No functional change
---
 src/nnue/layers/affine_transform.h | 58 +++++++++++++++---------------
 1 file changed, 28 insertions(+), 30 deletions(-)
diff --git a/src/nnue/layers/affine_transform.h b/src/nnue/layers/affine_transform.h
index ad9167c0..59a6149f 100644
--- a/src/nnue/layers/affine_transform.h
+++ b/src/nnue/layers/affine_transform.h
@@ -39,25 +39,26 @@
 
 namespace Stockfish::Eval::NNUE::Layers {
 
+#if defined(USE_SSSE3) || defined(USE_NEON_DOTPROD)
+    #define ENABLE_SEQ_OPT
+#endif
+
 // Fallback implementation for older/other architectures.

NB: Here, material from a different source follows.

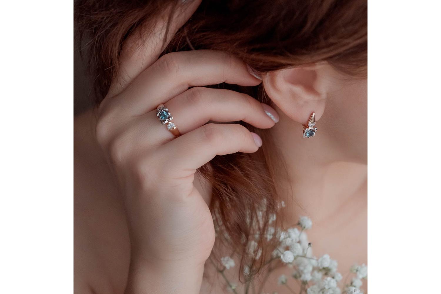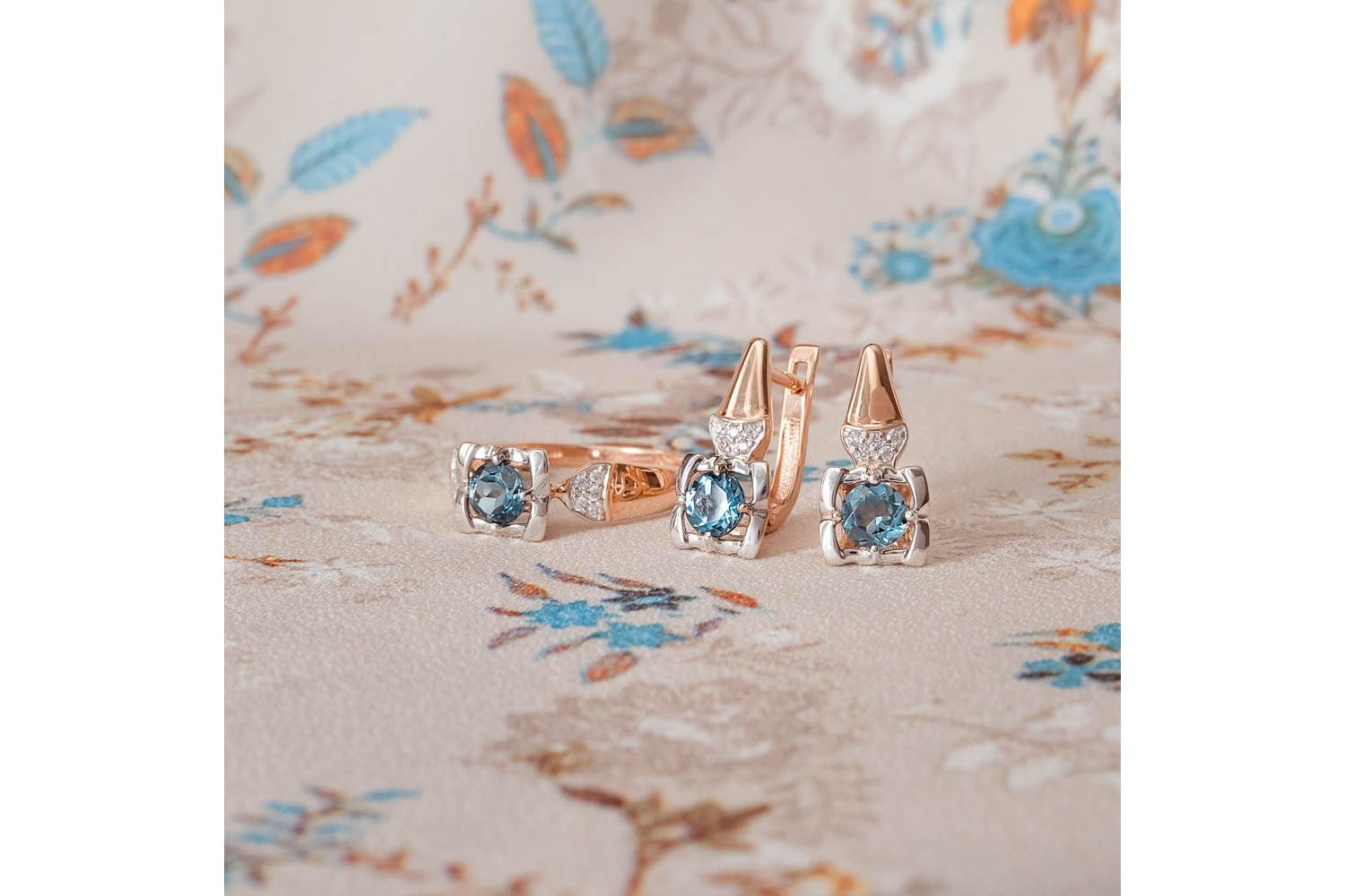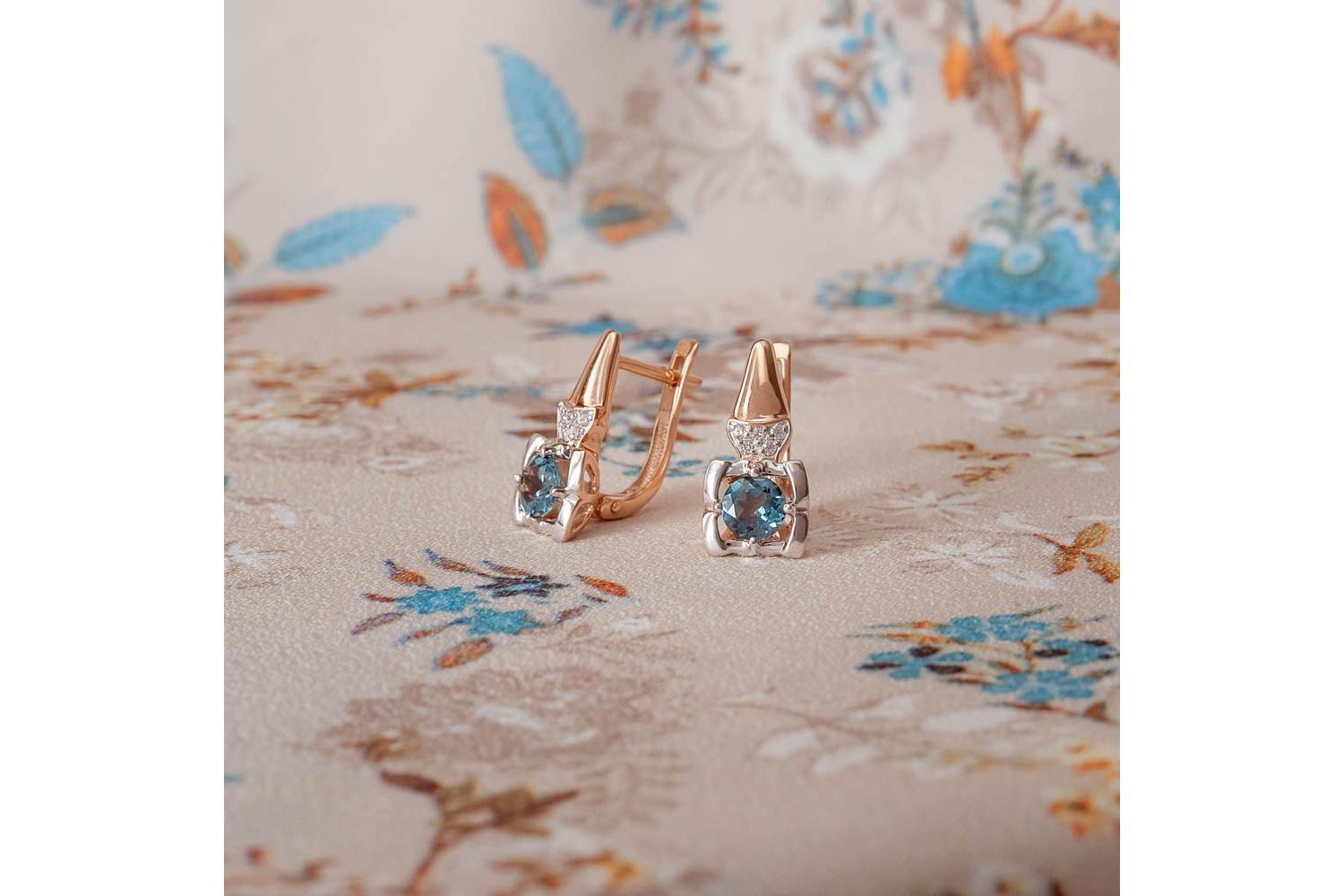 Мастера компании NEWGOLD, приложив всё свое мастерство и искусство, создали для Вас на нашем собственном производстве Серьги из красного золота с 2 топазами лондон и 10 фианитами.
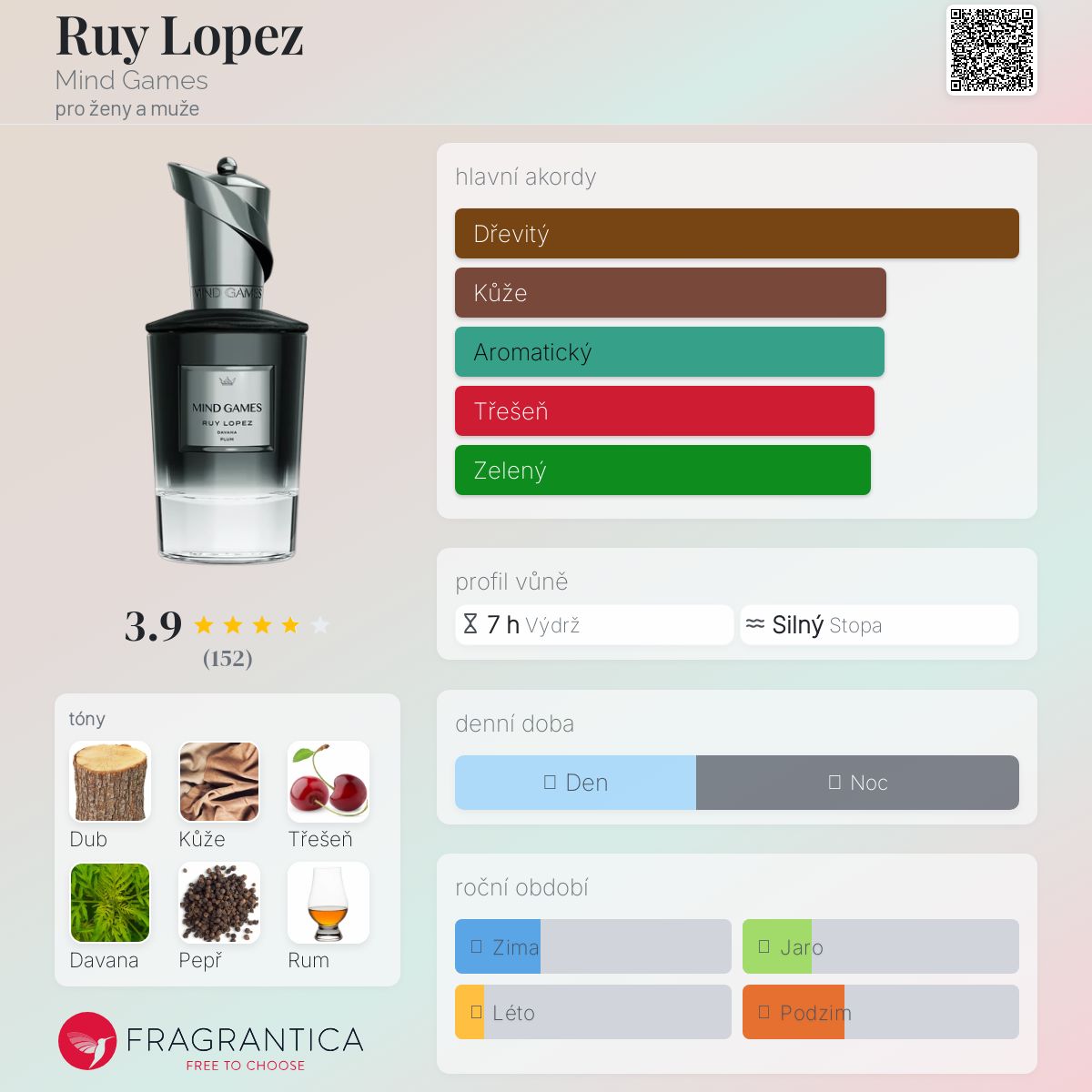 Ruy Lopez podle Mind Games je vůně pro ženy a muže. Ruy Lopez byl/a uveden/a v roce 2023. "Nosem" za touto vůní je Christelle Laprade. Vrchní tóny jsou Třešeň, Černý pepř a Černý čaj; střední tóny jsouRum, Davana a Růže ; základní tóny jsou Dub, Kůže a Pačuli.

 // Requires the input to be padded to at least 16 values.
-#if !defined(USE_SSSE3)
+#ifndef ENABLE_SEQ_OPT
+
 template<IndexType InputDimensions, IndexType PaddedInputDimensions, IndexType OutputDimensions>
 static void affine_transform_non_ssse3(std::int32_t*       output,
                                        const std::int8_t*  weights,
                                        const std::int32_t* biases,
                                        const std::uint8_t* input) {
-    #if defined(USE_SSE2) || defined(USE_NEON_DOTPROD) || defined(USE_NEON)

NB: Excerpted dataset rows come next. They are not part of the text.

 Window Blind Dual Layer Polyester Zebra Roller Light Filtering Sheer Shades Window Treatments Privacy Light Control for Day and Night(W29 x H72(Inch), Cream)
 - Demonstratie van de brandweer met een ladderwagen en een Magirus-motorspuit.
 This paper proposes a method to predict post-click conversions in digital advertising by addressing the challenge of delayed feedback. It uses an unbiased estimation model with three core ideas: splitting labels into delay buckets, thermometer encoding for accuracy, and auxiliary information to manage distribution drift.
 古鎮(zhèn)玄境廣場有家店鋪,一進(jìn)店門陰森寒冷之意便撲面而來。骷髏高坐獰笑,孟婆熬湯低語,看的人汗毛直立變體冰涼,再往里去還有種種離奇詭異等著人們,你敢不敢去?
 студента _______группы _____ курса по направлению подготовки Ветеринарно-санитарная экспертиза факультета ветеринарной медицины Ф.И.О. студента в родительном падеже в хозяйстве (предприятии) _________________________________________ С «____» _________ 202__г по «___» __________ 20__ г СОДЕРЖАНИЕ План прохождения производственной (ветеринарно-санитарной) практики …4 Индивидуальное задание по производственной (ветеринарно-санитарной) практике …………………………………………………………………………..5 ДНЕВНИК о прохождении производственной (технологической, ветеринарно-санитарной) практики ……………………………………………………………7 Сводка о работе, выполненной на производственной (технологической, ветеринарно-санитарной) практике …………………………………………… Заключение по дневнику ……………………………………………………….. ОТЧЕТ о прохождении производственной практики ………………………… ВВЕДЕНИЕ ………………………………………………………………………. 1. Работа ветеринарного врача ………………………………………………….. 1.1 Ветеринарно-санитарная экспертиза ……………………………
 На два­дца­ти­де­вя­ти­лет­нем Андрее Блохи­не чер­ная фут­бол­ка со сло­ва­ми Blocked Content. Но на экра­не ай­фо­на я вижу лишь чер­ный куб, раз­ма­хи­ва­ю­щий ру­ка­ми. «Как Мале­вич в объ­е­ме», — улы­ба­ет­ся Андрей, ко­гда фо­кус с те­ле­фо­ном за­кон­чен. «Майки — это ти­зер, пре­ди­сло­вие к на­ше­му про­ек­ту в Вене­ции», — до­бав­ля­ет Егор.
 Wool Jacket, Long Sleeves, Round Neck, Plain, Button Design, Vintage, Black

+    #if defined(USE_SSE2) || defined(USE_NEON)
         #if defined(USE_SSE2)
     // At least a multiple of 16, with SSE2.

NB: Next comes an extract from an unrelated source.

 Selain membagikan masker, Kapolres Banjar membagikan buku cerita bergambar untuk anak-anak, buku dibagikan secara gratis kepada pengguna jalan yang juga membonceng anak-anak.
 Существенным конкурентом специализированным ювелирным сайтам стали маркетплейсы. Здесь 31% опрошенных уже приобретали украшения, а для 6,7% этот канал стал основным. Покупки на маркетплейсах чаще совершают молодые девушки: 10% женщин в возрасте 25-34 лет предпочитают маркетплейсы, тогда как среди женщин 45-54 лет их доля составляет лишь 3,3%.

     constexpr IndexType NumChunks   = ceil_to_multiple<IndexType>(InputDimensions, 16) / 16;
     const __m128i       Zeros       = _mm_setzero_si128();
     const auto          inputVector = reinterpret_cast<const __m128i*>(input);
 
-        #elif defined(USE_NEON_DOTPROD)
-    constexpr IndexType NumChunks   = ceil_to_multiple<IndexType>(InputDimensions, 16) / 16;
-    const auto          inputVector = reinterpret_cast<const int8x16_t*>(input);
-
         #elif defined(USE_NEON)
     constexpr IndexType NumChunks   = ceil_to_multiple<IndexType>(InputDimensions, 16) / 16;
     const auto          inputVector = reinterpret_cast<const int8x8_t*>(input);
@@ -91,16 +92,8 @@ static void affine_transform_non_ssse3(std::int32_t*       output,
         sum                   = _mm_add_epi32(sum, sum_second_32);
         output[i]             = _mm_cvtsi128_si32(sum);
 
-        #elif defined(USE_NEON_DOTPROD)
-        int32x4_t  sum = {biases[i]};
-        const auto row = reinterpret_cast<const int8x16_t*>(&weights[offset]);
-        for (IndexType j = 0; j < NumChunks; ++j)
-        {
-            sum = vdotq_s32(sum, inputVector[j], row[j]);
-        }
-        output[i] = vaddvq_s32(sum);
-
         #elif defined(USE_NEON)
+
         int32x4_t  sum = {biases[i]};
         const auto row = reinterpret_cast<const int8x8_t*>(&weights[offset]);
         for (IndexType j = 0; j < NumChunks; ++j)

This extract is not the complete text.